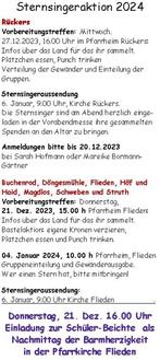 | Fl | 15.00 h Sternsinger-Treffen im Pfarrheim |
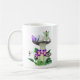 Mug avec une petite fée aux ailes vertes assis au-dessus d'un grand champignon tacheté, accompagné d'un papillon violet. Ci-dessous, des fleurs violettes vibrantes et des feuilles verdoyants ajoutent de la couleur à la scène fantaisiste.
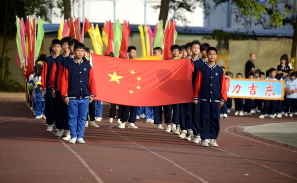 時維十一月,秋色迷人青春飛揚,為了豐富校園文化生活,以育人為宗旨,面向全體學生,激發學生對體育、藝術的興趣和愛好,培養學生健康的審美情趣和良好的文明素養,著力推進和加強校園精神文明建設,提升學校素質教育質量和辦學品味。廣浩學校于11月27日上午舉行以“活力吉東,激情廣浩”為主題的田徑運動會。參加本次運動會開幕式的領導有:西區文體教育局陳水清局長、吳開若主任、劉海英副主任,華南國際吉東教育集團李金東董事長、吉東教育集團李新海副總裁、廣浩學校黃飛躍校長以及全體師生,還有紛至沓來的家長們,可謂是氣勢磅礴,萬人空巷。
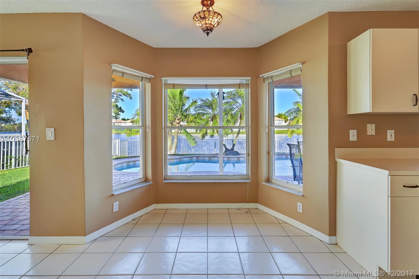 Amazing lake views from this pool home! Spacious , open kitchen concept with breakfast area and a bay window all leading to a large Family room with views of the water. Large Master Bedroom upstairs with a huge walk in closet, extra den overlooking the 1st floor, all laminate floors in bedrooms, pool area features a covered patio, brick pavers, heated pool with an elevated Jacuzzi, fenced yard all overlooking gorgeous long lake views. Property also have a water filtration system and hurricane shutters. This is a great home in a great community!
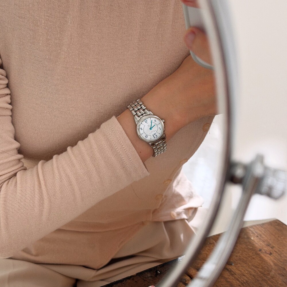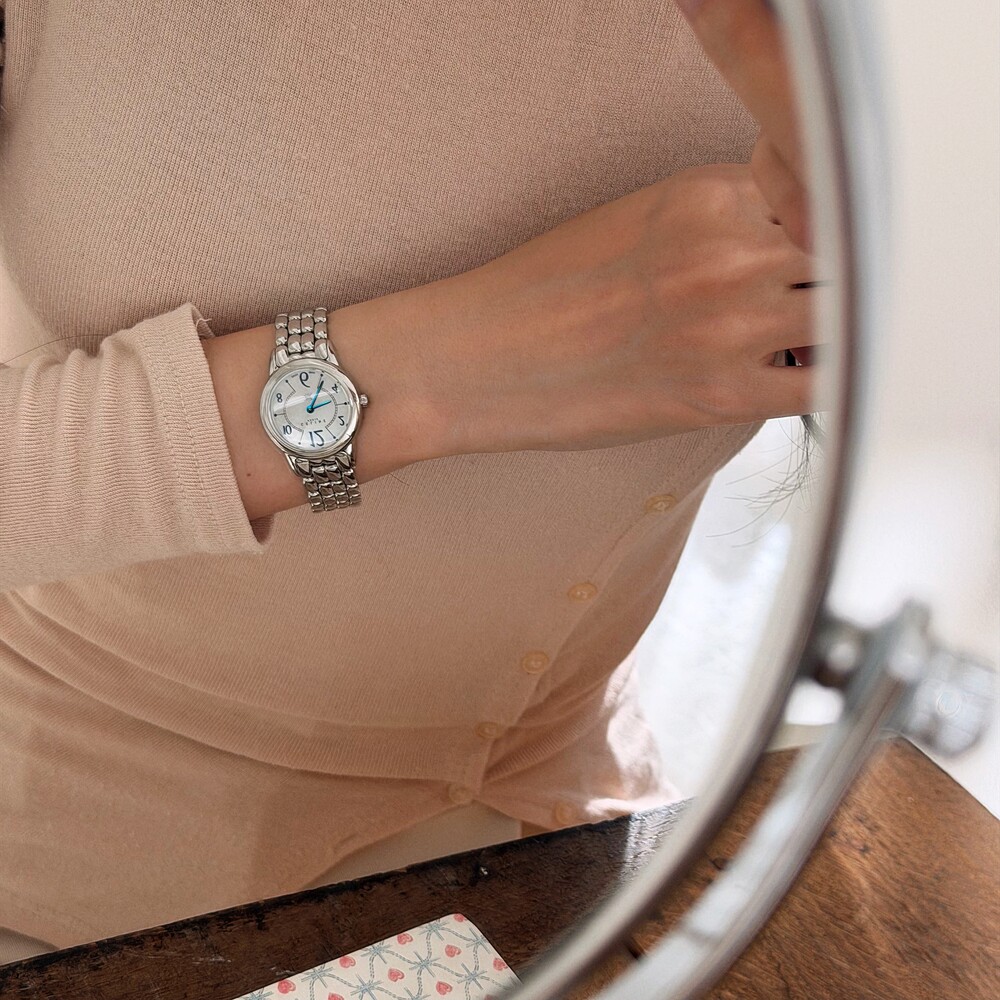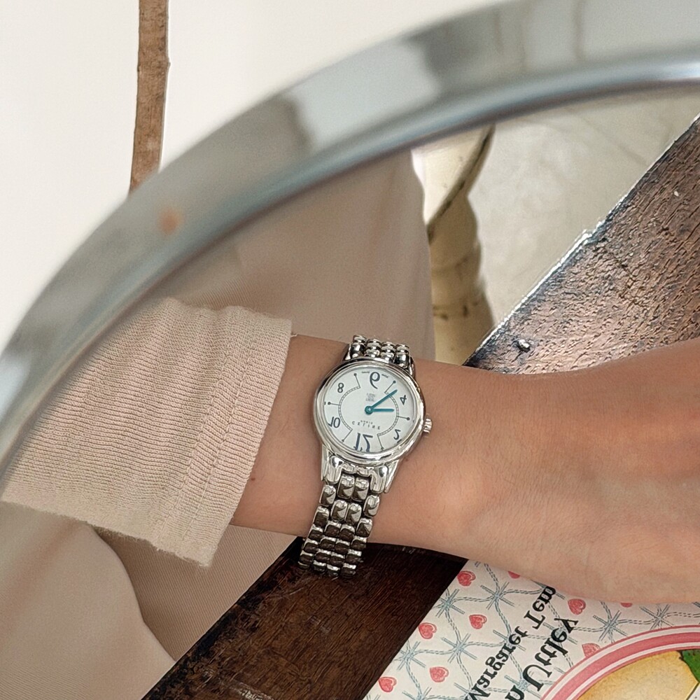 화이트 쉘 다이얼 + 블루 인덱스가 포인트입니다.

.....

__Problem to solve__: All of the data, minus its pictures, should be repeated exactly.

__Solution__:
 | Fl | 15.00 h Sternsinger-Treffen im Pfarrheim |
 Mug avec une petite fée aux ailes vertes assis au-dessus d'un grand champignon tacheté, accompagné d'un papillon violet. Ci-dessous, des fleurs violettes vibrantes et des feuilles verdoyants ajoutent de la couleur à la scène fantaisiste.
 時維十一月,秋色迷人青春飛揚,為了豐富校園文化生活,以育人為宗旨,面向全體學生,激發學生對體育、藝術的興趣和愛好,培養學生健康的審美情趣和良好的文明素養,著力推進和加強校園精神文明建設,提升學校素質教育質量和辦學品味。廣浩學校于11月27日上午舉行以“活力吉東,激情廣浩”為主題的田徑運動會。參加本次運動會開幕式的領導有:西區文體教育局陳水清局長、吳開若主任、劉海英副主任,華南國際吉東教育集團李金東董事長、吉東教育集團李新海副總裁、廣浩學校黃飛躍校長以及全體師生,還有紛至沓來的家長們,可謂是氣勢磅礴,萬人空巷。
 Amazing lake views from this pool home! Spacious , open kitchen concept with breakfast area and a bay window all leading to a large Family room with views of the water. Large Master Bedroom upstairs with a huge walk in closet, extra den overlooking the 1st floor, all laminate floors in bedrooms, pool area features a covered patio, brick pavers, heated pool with an elevated Jacuzzi, fenced yard all overlooking gorgeous long lake views. Property also have a water filtration system and hurricane shutters. This is a great home in a great community!
 화이트 쉘 다이얼 + 블루 인덱스가 포인트입니다.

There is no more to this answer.